*** Block opens ***

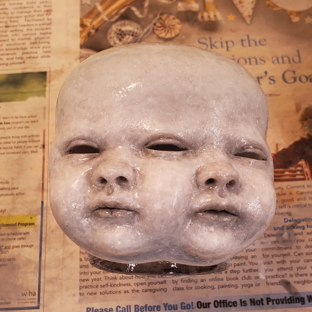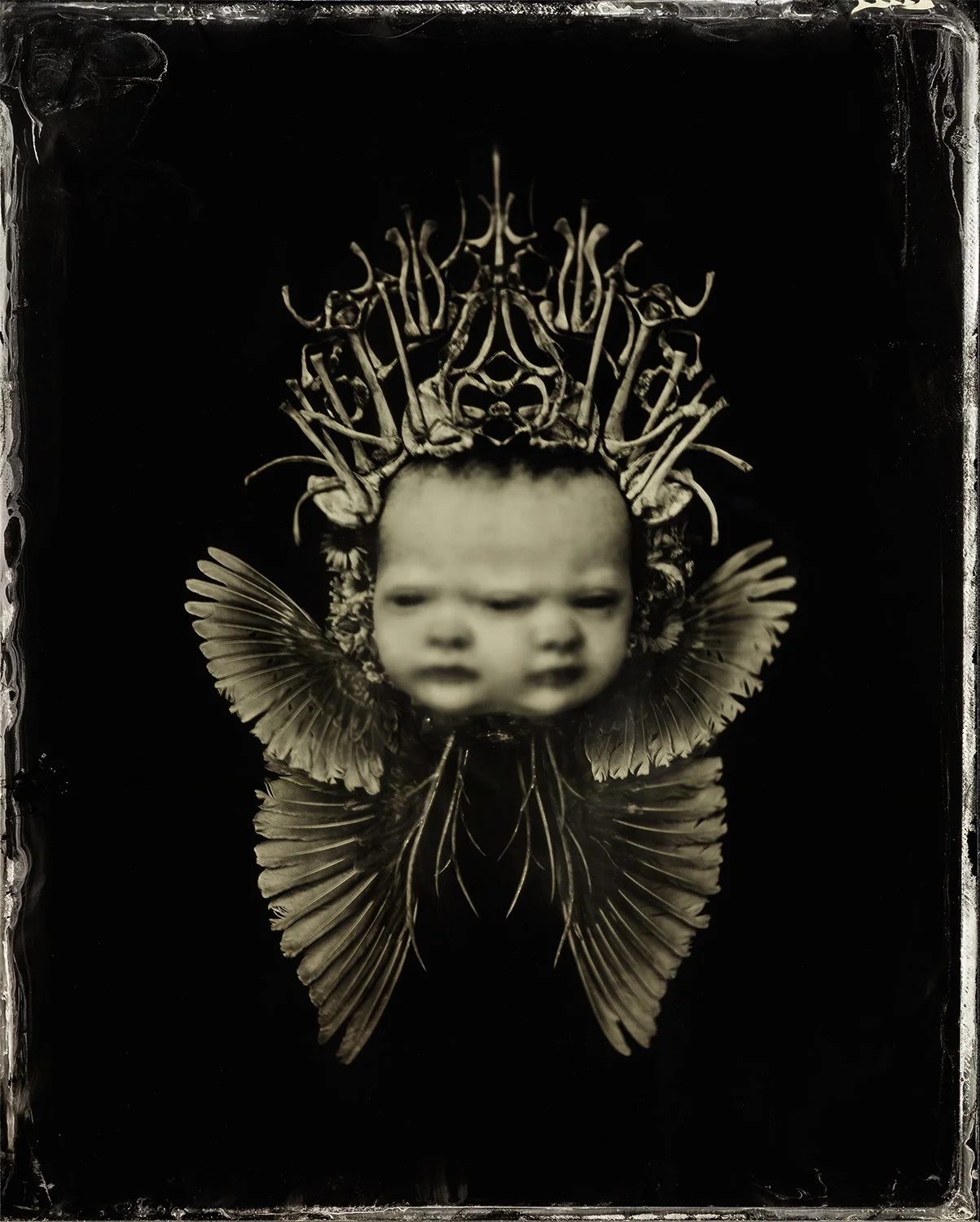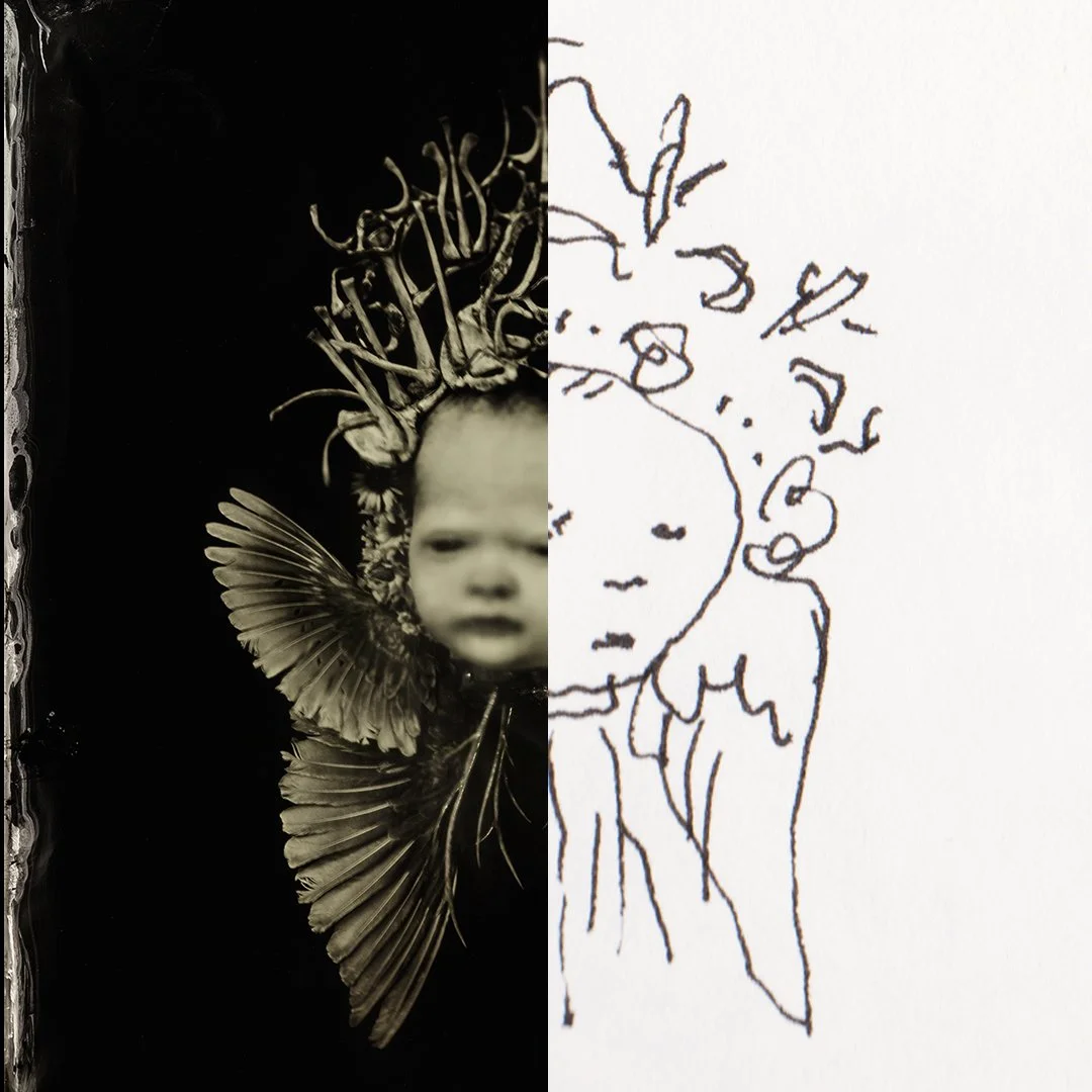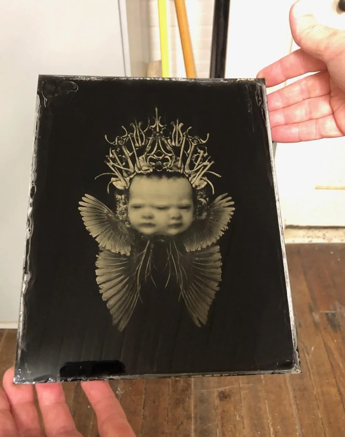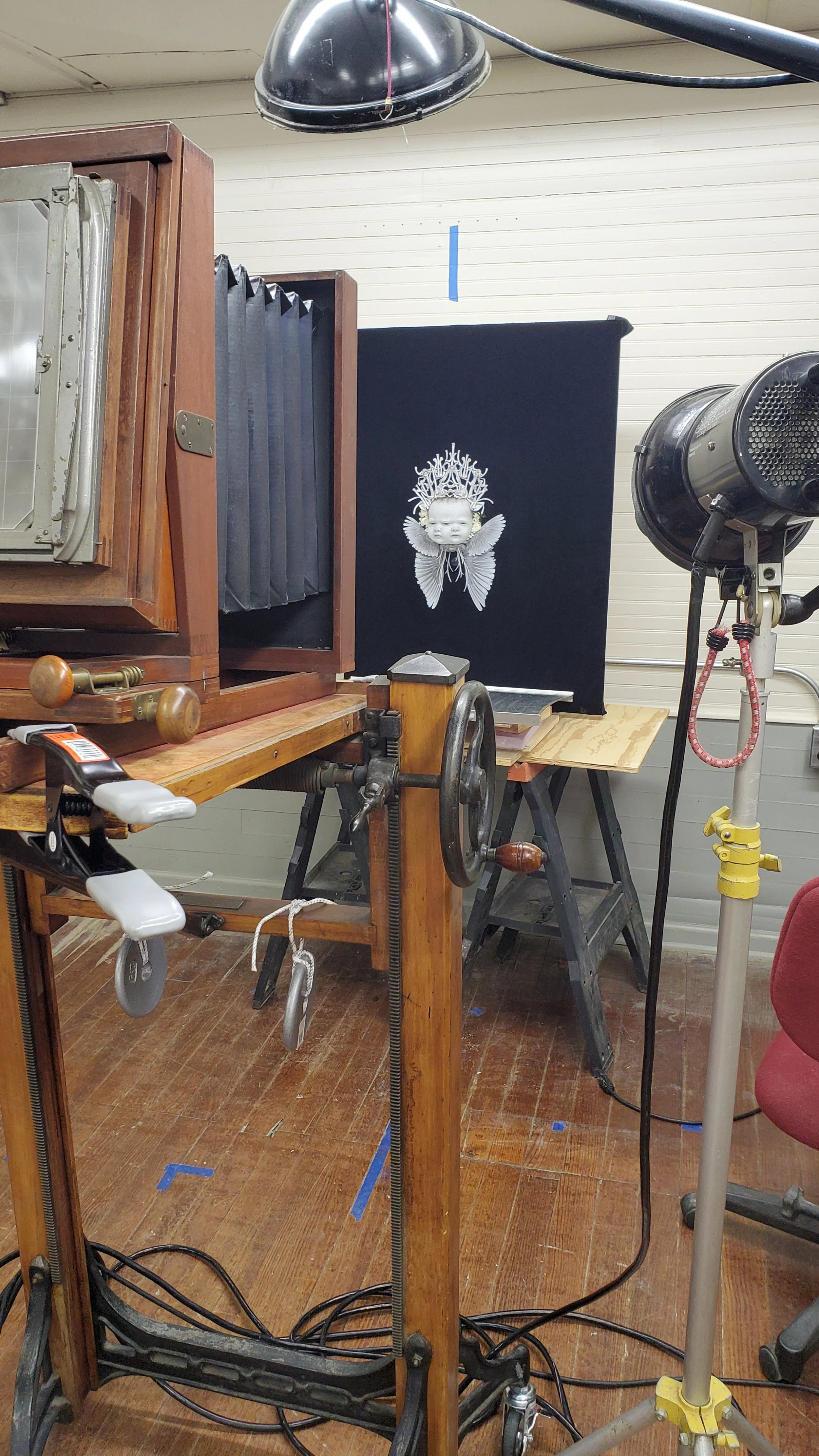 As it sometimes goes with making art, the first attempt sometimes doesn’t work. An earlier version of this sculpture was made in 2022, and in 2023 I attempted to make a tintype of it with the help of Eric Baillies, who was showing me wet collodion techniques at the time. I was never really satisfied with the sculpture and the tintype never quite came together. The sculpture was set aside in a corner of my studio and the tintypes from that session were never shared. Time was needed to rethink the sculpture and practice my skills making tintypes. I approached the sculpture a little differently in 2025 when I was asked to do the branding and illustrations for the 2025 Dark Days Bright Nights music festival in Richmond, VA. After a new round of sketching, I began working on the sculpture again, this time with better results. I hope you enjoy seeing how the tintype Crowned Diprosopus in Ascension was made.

*** Block closes ***
*** Block opens ***

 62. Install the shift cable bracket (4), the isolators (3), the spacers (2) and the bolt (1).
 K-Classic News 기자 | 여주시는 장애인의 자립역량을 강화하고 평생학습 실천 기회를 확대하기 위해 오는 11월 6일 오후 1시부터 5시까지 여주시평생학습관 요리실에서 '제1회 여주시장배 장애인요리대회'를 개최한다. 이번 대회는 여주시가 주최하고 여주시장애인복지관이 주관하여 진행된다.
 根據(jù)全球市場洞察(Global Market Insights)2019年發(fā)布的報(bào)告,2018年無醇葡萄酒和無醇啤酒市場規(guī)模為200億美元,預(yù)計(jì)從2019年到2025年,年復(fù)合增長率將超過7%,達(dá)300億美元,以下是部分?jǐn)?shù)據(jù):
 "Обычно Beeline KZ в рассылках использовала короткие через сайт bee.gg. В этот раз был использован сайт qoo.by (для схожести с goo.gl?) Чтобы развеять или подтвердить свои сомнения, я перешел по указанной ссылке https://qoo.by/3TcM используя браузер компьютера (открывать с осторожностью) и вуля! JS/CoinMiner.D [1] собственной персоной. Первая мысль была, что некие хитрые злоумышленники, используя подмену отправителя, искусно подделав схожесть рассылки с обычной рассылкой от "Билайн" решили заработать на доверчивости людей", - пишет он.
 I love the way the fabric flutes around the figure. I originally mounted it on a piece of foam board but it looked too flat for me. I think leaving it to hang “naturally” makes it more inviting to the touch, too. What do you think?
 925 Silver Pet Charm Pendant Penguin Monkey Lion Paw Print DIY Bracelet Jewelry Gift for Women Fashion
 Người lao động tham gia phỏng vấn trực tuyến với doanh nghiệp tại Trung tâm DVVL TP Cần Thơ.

*** Block closes ***

* [EXERCISE AIM]: Using the records above, write out exactly the lines between the one holding "I love the way" and the one holding "Người lao động", inclusive; leave everything else out.

* [TASK ANSWER]:
 I love the way the fabric flutes around the figure. I originally mounted it on a piece of foam board but it looked too flat for me. I think leaving it to hang “naturally” makes it more inviting to the touch, too. What do you think?
 925 Silver Pet Charm Pendant Penguin Monkey Lion Paw Print DIY Bracelet Jewelry Gift for Women Fashion
 Người lao động tham gia phỏng vấn trực tuyến với doanh nghiệp tại Trung tâm DVVL TP Cần Thơ.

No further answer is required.